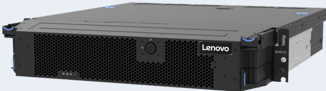
Lenovo ThinkEdge™ SE455i V3 Server
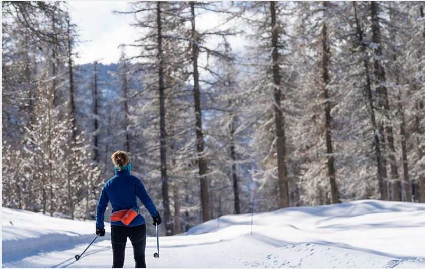
Piste n°2 : Tour de la Pousterle (Rogier Van Rijn)
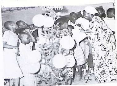
Some of the handicapped children dancing to the tune, of the Band.
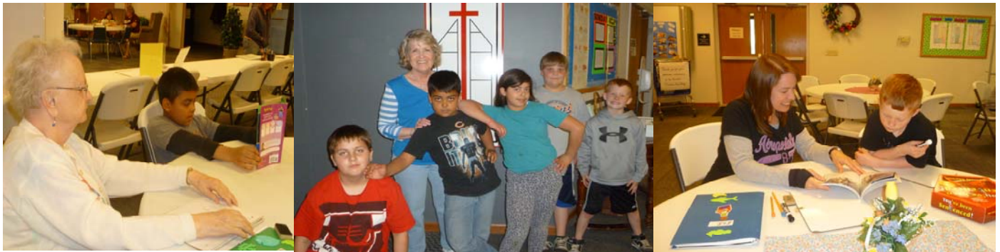
FASTBreak students and mentors

********

Activity = Quote in full the listing given above; the images are to be left out.

Solution for this task =
Lenovo ThinkEdge™ SE455i V3 Server
Piste n°2 : Tour de la Pousterle (Rogier Van Rijn)
Some of the handicapped children dancing to the tune, of the Band.
FASTBreak students and mentors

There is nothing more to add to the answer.